When it came out, everyone was talking about this book and now I know why. Wow. Chernow covers his subject with a masterful comprehension and depth that gives the listener a very interesting window into the world of the Founders, always with Hamilton at the center. The book is fascinating (and well read). From Hamilton's unusual boyhood in the carribean to his stellar rise during the revolution, to his pivotol role in the development of the fundamental features of our government structure, it more than held my interest. Hamilton is an extraordinary character -- a unique genius -- and Chernow resurrects him in all his glory, and not without attention to his flaws. I learned more about our history from this book than from any other book I have read. Most interesting is Hamilton's preescience. So many of his ideas anticipated current events. Also, Chernow clearly grew to love and feel protective of his subject who has been so neglected in history until now. I admit that around hour 29, I started to feel shades of "The Power Broker" -- a pattern of Hamiltonian behavior repeated over and over. But I highly, highly, recommend.
I was initially disappointed to find that this was not the text of the book, Paris 1919. But shortly after I got started, I was very happy with the purchase. The lecuture series is a great, short way into the fascinating and complex events that took place in Paris in 1919 and shaped today's world to a very large degree. McMillian has a good speaking voice and is pleasant to listen to. She does not engage in hyperbole, and it's hardly necessary with the subject matter. Very very interesting and worthwhile. Only wish the whole book were available.
I don't know why i put off Middlesex for so long, even knowing it won the Pulitzer last year. I somehow thought it was going to be a modernday Middlemarch... It was very very good and not at all what I expected. A well told (and well read), very touching story, the book pulled me in. The characters are believeable and compelling, the narrator is likeable and real and the story is complex and satisfying. I hightly recommend.

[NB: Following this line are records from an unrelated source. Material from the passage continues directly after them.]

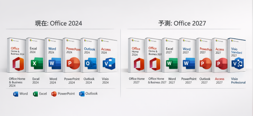 現時点でMicrosoftからの正式な発表はありませんが、過去のリリースパターンや現在の製品ラインナップから、Office 2027 は 2027年10月頃 に発売される可能性が高いと予測されます。
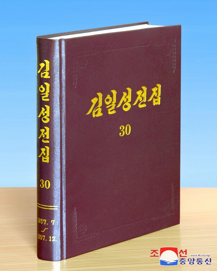 This photo, released by North Korea's official Korean Central News Agency on June 13, 2024, shows the recently published revised 30th volume of the "Complete Collection of Kim Il-sung's Works," a chronological compilation of speeches, statements and decisions made by the late North Korean founder from July to December 1957. (For Use Only in the Republic of Korea. No Redistribution) (Yonhap)
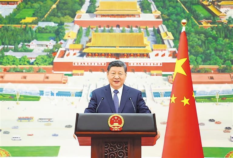 习近平指出,今天的世界,百年变局加速演进,国际形势变乱交织,全球性挑战更加突出。分裂对抗、零和博弈注定没有出路,让世界重回丛林法则不得人心,同球共济、团结合作才是唯一正确选择。我提出全球治理倡议,旨在推动构建更加公正合理的全球治理体系。中国将始终站在历史正确一边,以人民之心为心、以天下之利为利,同各国一道推动构建人类命运共同体。
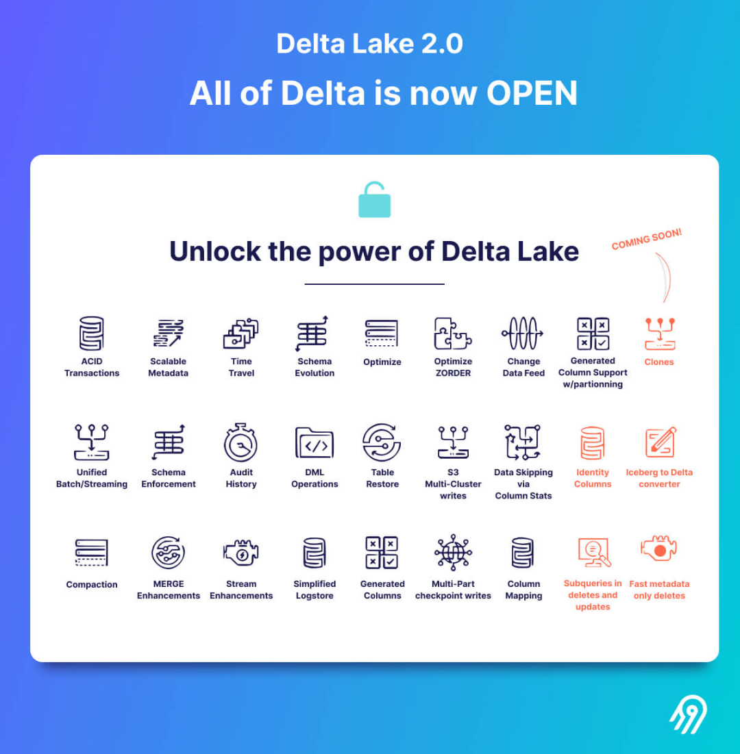 Delta Lake 2.0: [https://www.databricks.com/blog/2022/06/30/open-sourcing-all-of-delta-lake.html](https://www.databricks.com/blog/2022/06/30/open-sourcing-all-of-delta-lake.html)[57]
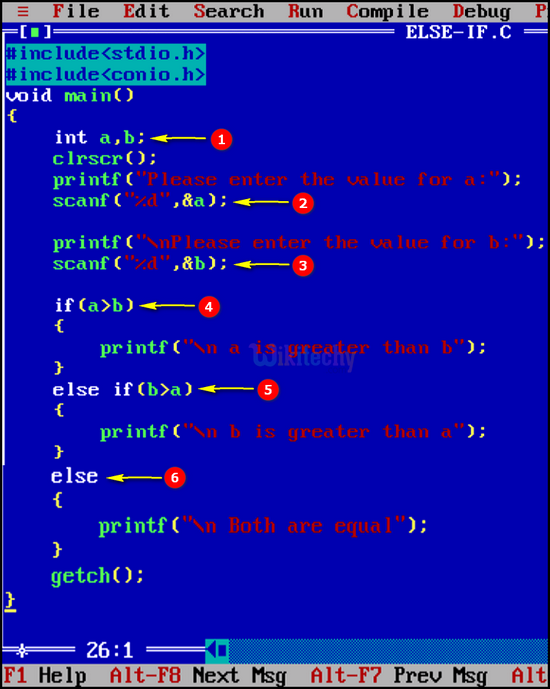 - In this statement we check the condition for the value “b” is greater than “a” which means, it prints “b is greater than a”.
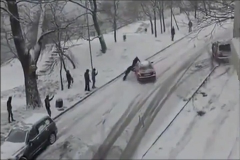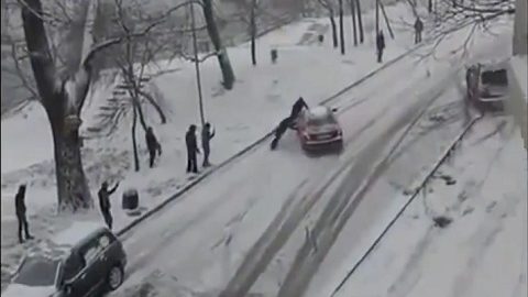 With the help of Clark Kent who arrives at the last moment.

I recenty read (in print) A Gesture Life by Chang Rae Lee, and loved it. It was an amazing book. So I was excited to listen to Aloft. I don't know whether it was the reader, who I don't think captured the right tone, or the overly sappy story, but it just didn't do anything for me. And I really expected to like it. The story and characters seemed formulaic and predictable. And without giving away the ending, I'll say that the conculsion struck me the same way. I probably won't read another by this author, sadly.